I just tried adding the solution from above (restarting statistics upon restart) and I still see momentarily crazy high values upon restart of homeassistant but it seems like after statistics have been restarted it immediately returns a good value again with "Age coverage ratio" at 1.

devjklein commented 1 month ago

Also dealing with this issue in 2024.5.5. Glad to see there is an active issue. I am using a couple average_linear sensors with sampling_size: 9999 and max_age set to 10 minutes and 24 hours. Behavior occurs on restart, reflashing the source esp device wirelessly, and when I reload the statistics entities config in developer tools.

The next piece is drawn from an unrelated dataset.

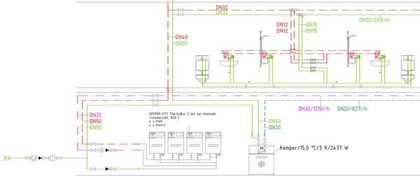 Damit eine durch die Aufgabenstellung vorgegebene Temperaturgrenze für das kalte Trinkwasser zu jedem Zeitpunkt vom Betreiber eingehalten werden kann, bedarf es eines aktiven Prozesses. Da auch manuell ausgelöste oder temperaturgeführte Spülprozesse limitiert sind, empfiehlt sich als leistungsfähige und kostengünstige Alternative zur automatischen Temperaturhaltung die Kaltwasserkühlung des kalten Trinkwassers in Strömungsteiler-Installationen. Mit der definierten Durchströmung aller Leitungsteile im Kemper-Hygiene-System (KHS) kann zu jeder Zeit – auch in den Sommermonaten – eine vorgegebene Temperatur des kalten Trinkwassers (z. B. < 20°C) vor jedem Armaturenanschluss sichergestellt werden, ohne dass Wasserverluste durch Spülmaßnahmen zur Temperaturhaltung entstehen. Gemeinsam mit der Zirkulation des Warmwassers bis unmittelbar vor die Entnahmestellen kann eine durch die Trinkwasserhygiene geforderte Temperaturhaltung sowohl im kalten als auch im erwärmten Trinkwasser sichergestellt werden.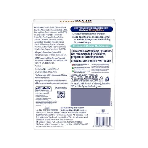Zero Added Sugar for Health-conscious Living: Horlicks Strength Plus is committed to promoting health-conscious choices by being completely free of added sugars.

jm-cook commented 1 month ago

I also have this issue. I am now on 2024.6.1 but have had it for some time. The following gives changing values through a reboot when it absolutely should not (its measuring the max value of another sensor over 10 days):

   - platform: statistics
      name: "Well level max"
      unique_id: 281db341-c27f-47a9-a9bf-3606b5d1f93d
      entity_id: sensor.water_depth
      state_characteristic: value_max
      max_age:
        days: 10

image

I also had a sensor that should show the change in the last 24 hours but that didn't hardly survive a reboot at all and just reset most of the time when rebooted.

like this:

  - platform: statistics
    name: "water 24 test"
    entity_id: sensor.water_meter
    state_characteristic: change
    max_age:
      hours: 24

image

I gave up with the last one and used an sql sensor.